<<<<
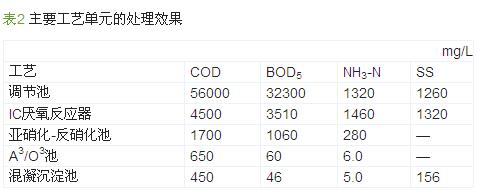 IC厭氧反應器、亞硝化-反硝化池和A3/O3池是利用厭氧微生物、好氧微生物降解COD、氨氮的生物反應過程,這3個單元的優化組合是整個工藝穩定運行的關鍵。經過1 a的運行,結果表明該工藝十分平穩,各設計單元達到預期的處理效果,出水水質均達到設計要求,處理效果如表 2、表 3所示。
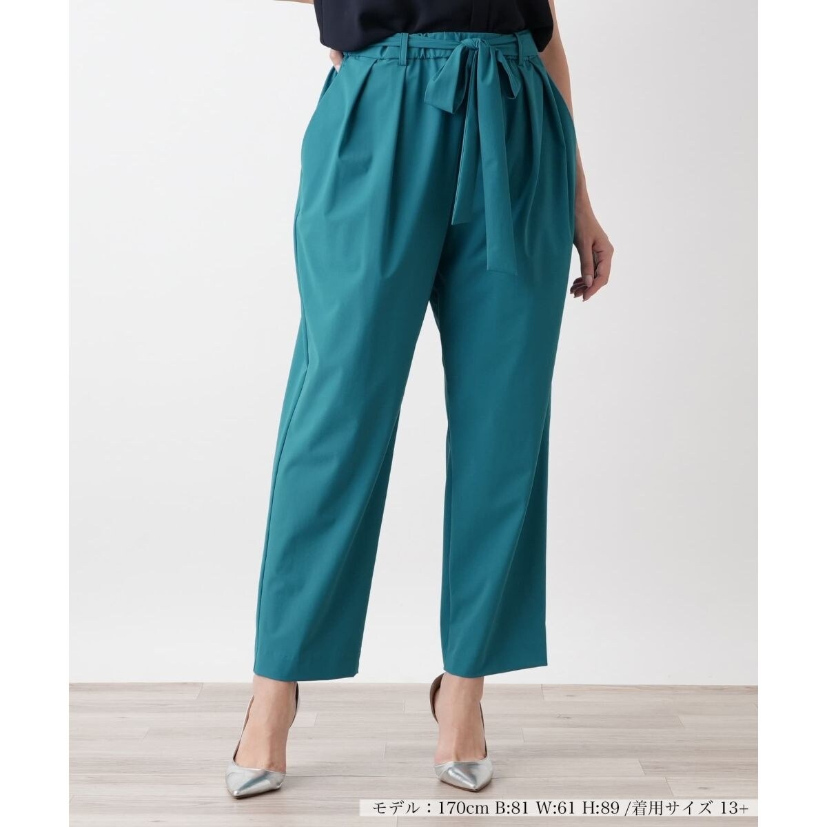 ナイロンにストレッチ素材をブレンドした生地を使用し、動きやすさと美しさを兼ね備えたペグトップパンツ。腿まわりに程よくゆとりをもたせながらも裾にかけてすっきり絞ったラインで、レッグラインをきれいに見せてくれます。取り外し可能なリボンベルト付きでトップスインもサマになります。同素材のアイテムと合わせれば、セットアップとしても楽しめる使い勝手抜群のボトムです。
>>>>
<<<<
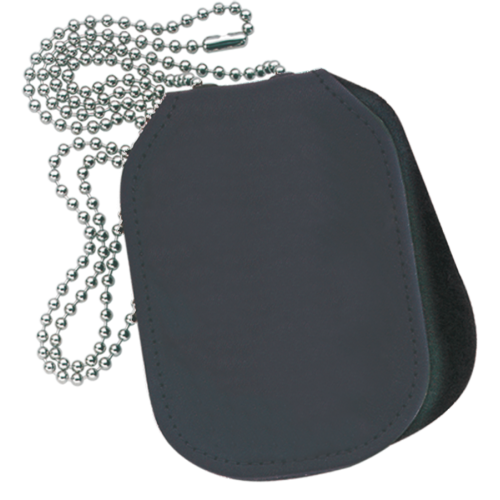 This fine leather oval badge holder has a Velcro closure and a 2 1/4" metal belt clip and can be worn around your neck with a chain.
>>>>
<<<<
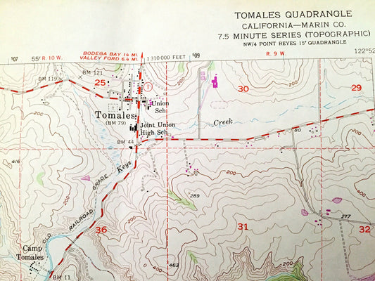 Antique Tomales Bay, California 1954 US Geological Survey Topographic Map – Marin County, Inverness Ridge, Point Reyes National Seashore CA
>>>>
Using the material above, transcribe exactly the lines from the one holding "a的運行,結果表明該工藝十分平穩,各設計單元達到預期的處理效果,出水水質均達到設計要求,處理效果如表 2、表 3所示。" to the one holding "ナイロンにストレッチ素材をブ", both ends kept. Do not carry over any pictures.

 IC厭氧反應器、亞硝化-反硝化池和A3/O3池是利用厭氧微生物、好氧微生物降解COD、氨氮的生物反應過程,這3個單元的優化組合是整個工藝穩定運行的關鍵。經過1 a的運行,結果表明該工藝十分平穩,各設計單元達到預期的處理效果,出水水質均達到設計要求,處理效果如表 2、表 3所示。
 ナイロンにストレッチ素材をブレンドした生地を使用し、動きやすさと美しさを兼ね備えたペグトップパンツ。腿まわりに程よくゆとりをもたせながらも裾にかけてすっきり絞ったラインで、レッグラインをきれいに見せてくれます。取り外し可能なリボンベルト付きでトップスインもサマになります。同素材のアイテムと合わせれば、セットアップとしても楽しめる使い勝手抜群のボトムです。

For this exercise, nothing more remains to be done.